The battlefield grids have to communicate with each other — and that's where China's strategy is focused on finding and exploiting vulnerabilities to jam the communication system, degrading an adversary's ability to strike in concert and, hopefully, make those strikes less effective.
3. Strike early, strike hard.
China's strategy to offset US dominance and gain tactical advantages also depends on its ability to strike early in a conflict, and strike hard. China's focus on developing long-range ballistic and cruise missiles that match US weapons like the Advanced Medium Range Air-to-Air Missile, or AMRAAM, which has a range of 100 nautical miles. In some cases, Chinese weapons outmatch US weapons ranges.
This strategy is cost-effective and exploits the US's previous decision to forgo missiles with a range longer than 500 km under the recently-deceased INF treaty; the US tested its first post-INF range ground-launched missile on August 18. Plus, China can call massive mobile, land-based missile strikes with relative ease, exploiting the US's dependence on air-based bombardments, which take longer to coordinate.
China has so focused on its missile strategy that it has created a branch of its military entirely devoted to it — the People's Liberation Army Rocket Force (PLARF), which is now developing "some of the most advanced cruise and ballistic missiles of any force," including hypersonic missiles and the DF-21D "carrier killer," which has a nearly 1,000-mile range, according to the report.
4. China hides its hand.
All these so-called "offset" strategies include some element of capability concealment, to suprise adversaries during battle. The US calls these "black capabilities," kept under lock and key by military and state apparatus. While China may show off some of its capabilities, like the "carrier-killer," as a deterrent, it keeps what some observers call "Assassin's Mace" or Project 995 weapons, secret.
Work speculates that these "black" capabilities might include "directed energy weapons, advanced space weapons, electromagnetic railguns, high-powered microwave weapons, or even more exotic arms."
5. China leads in artificial intelligence.
China's goverment notoriously uses artificial intelligence to track and control its population. It's also betting that AI like autonomous unmanned systems, human-machine hybrid intelligence, automated decisionmaking, and intelligent robotics are the future both of economic advancement and warfighting, and it's determined to come out on top.
China's tactic of military and civil fusion also works here, as advancements in the civilian sector will be easily adapted to military capabilities.
6. Their economy is a juggernaut and its technology could readily be translated into mass producing world-class military systems.
China's economy is the second-largest in the world, and it's on the path to overtake the US's in absolute GDP by 2030 — giving China the ability to spend far more resources on its military than in previous decades.
From 1996 to 2015, China increased its military spending by 620%.
What can the US do?
After decades of primacy and focusing on conflicts in the Middle East, the US is unprepared for the kind of power China is building.
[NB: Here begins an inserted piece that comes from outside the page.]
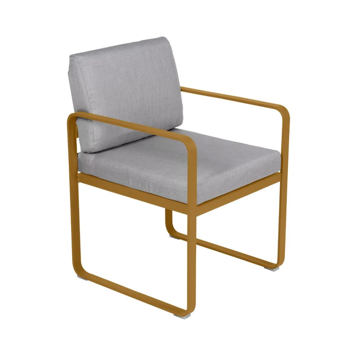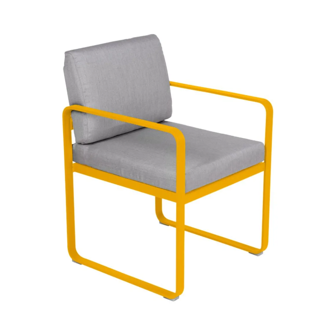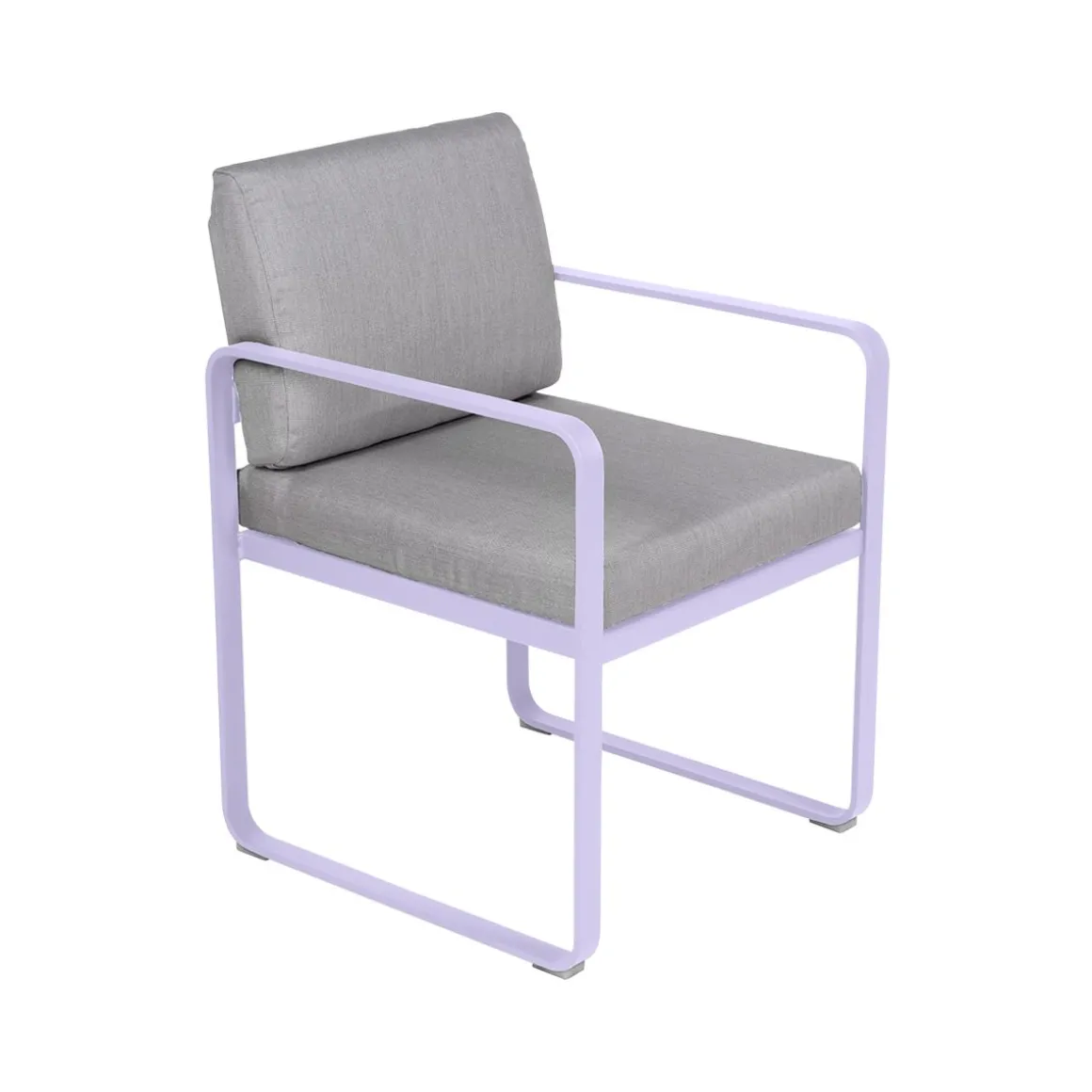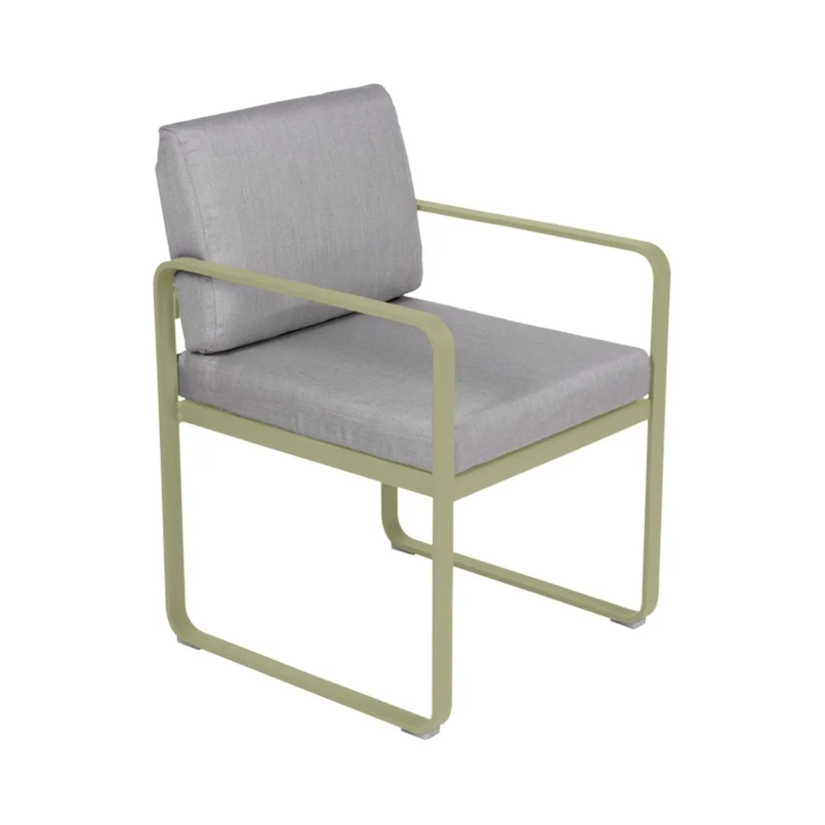 Fauteuil repas Bellevie – gris de Fermob. La famille Bellevie s’agrandit avec un fauteuil de table, parfait pour prendre votre repas, attablés à l’une des tables de la même collection. Confortablement installés prolongez le moment, faites durer déjeuners et dîners. Indéfiniment… Le fauteuil-repas Bellevie est là pour ça ! Il vous appelle à vous régaler de manière décontractée. Il est également parfait pour chiller après le repas, ce fauteuil-là ! Ultra-accueillant, avec ses coussins d’un confort absolu, garnis de mousse polyuréthane haute résilience et enveloppés de tissu Sunbrella® d’une étonnante douceur, le fauteuil de table Bellevie vous garantit des repas bien assis. Grâce à ce tissu outdoor 100% acrylique teint masse, résistant aux taches, à la moisissure, aux déchirures et à l’abrasion mais aussi grâce à sa structure 100% aluminium recouverte de peinture poudre polyester, votre fauteuil-repas Bellevie affronte les intempéries et les climats les plus rudes, en bord de mer notamment. Afin de les tenir toujours propres et pimpants, ses coussins sont déhoussables et leurs housses, lavables en machine. Le souci du détail est tel, chez Fermob, que le coussin du dossier est équipé d’une poche, à glisser par-dessus la structure afin de dissimuler habilement la partie métallique de l’arrière de votre fauteuil-repas, pour un fini très élégant. Enfin, la hauteur de ses accoudoirs est ajustée pour passer sous les plateaux de toutes les tables de la collection, ce qui ouvre large le champ des associations possibles ! N’hésitez pas à adopter un « total look » Bellevie sur votre terrasse avec votre fauteuil-repas ultra-douillet : alors, quelle table de la gamme pour l’accompagner ? Vous avez l’embarras du choix ! Laissez libre cours à votre imagination…

So what can the Defense Department do to improve its chances in a great power matchup with China? Work's report proposes the following.
Study and expolit weaknesses in China's strategy.
Weaken China's confidence in their own ability to drive the narrative of conflict and weapons developments by showing our own military prowess and understanding of their strategy.
Ensure that US technology, strategy, doctrine, and organizations fit together seamlessly to achieve the US's desired end state.
The US military "has a demonstrated ability to question the status quo, to take risks and experiment, and adopt new technologically enabled operational concepts that confound its opponents," Work's report observes.
"If it hopes to upset the Chinese offset, it will need to do so again."